Many mortgage loans and insurance plans go through third party brokers in the United States. Brokers and lenders are required to follow certain laws, typically under RESPA and TILA. This includes material disclosures designed to educate borrowers on the terms of their potential mortgage before they sign anything. There is a mutual agreement to do business and play different roles in the loan process.

In most cases, loans are either accepted or rejected. Those accepted are soled to FNMA or FHLMC, more commonly referred to as Fannie Mae and Freddie Mac if they fit within certain parameters. Occasionally, lenders will offer “non-QM” loans that they keep in-house. Rates are typically higher, and they can set stricter underwriting guidelines.

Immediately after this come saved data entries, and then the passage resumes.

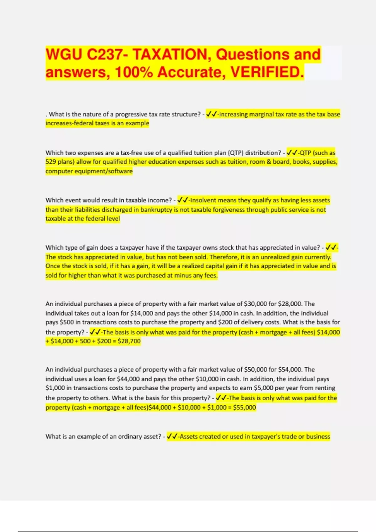WGU C237- TAXATION, Questions and answers, 100% Accurate, VERIFIED 2024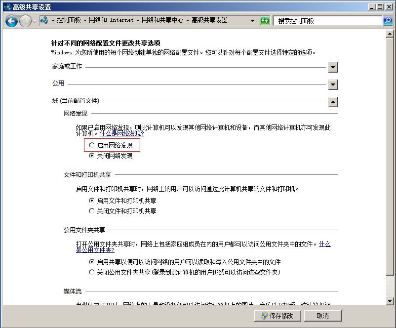 5.2.要建立 “网络负载平衡群集” ,需要先在 “高级共享设置” 中打开 “启用网络发现” 功能。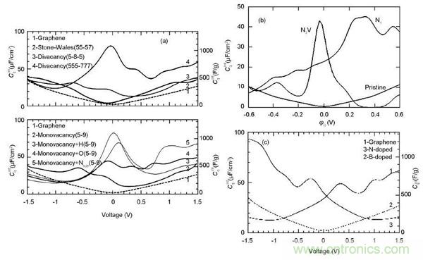 完wan整zheng的de石shi墨mo烯xi量liang子zi電dian容rong非fei常chang小xiao,在zai充chong電dian或huo放fang電dian過guo程cheng中zhong難nan以yi為wei電dian子zi提ti供gong足zu夠gou的de能neng態tai來lai存cun儲chu電dian荷he。為wei了le提ti高gao石shi墨mo烯xi的de量liang子zi電dian容rong,首shou先xian考kao慮lv到dao的de是shi在zai石shi墨mo烯xi中zhong引yin入ru缺que陷xian結jie構gou,改gai善shan石shi墨mo烯xi在zai費fei米mi能neng級ji處chu的deDOS。對於SW缺陷,由於費米能級處存在五元環和八元環碳原子上pz態組成的能帶,該能帶將會容納額外的電子,進而提高石墨烯可聚集的電量。同時,由於存在pz準局域態,V2缺陷中缺陷附近的C原子也會容納額外的電子。SW缺陷在作為負極時存儲電荷非常有效,而V2缺陷則在作為正極時表現出良好的電荷存儲行為。晶格中C原子被N和B替換後都會對量子電容產生影響,前者對正偏壓範圍內量子電容提高,後者則是對負偏壓範圍內量子電容提高。

With any insurance policy, insurers can cancel policies with enough notice and if certain rules are followed. This is virtually guaranteed in cases of material misrepresentation (misrepresenting material facts that would change the underwriter’s decision). In mortgage loans, it can go both ways. A borrower can rescind the original contract if there are material misrepresentations from the lender. If the loan cannot be sold or otherwise runs into issues due to material misrepresentation from the borrower or broker, the lender can ask the broker to buy back the loan after the fact. If the broker refuses, they can go to court.

Do You Have a Rescinded Contract?

A rescinded contract of any kind can be a headache. It’s rarely as simple as it may sound. In fact, court cases are often a part of the deal. A simple notice of rescission is just one step. Even in the best cases, there’s a significant financial loss on one side or the other. 

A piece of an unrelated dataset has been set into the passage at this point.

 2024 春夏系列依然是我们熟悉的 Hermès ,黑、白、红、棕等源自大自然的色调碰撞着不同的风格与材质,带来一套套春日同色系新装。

Whatever your circumstance, you have certain rescission rights. Even if your mortgage lender is rescinding your mortgage loan, you have the right to a certain number of calendar days in most cases to respond. More importantly, you can always seek out legal advice. 

Even if you’re the one requesting contract rescission, contacting an attorney to review the process with you can keep you on the straight and narrow. This is even more true if you think of it as a mutual rescission. At the very least, an attorney can help you make sure you meet your contractual obligations as well.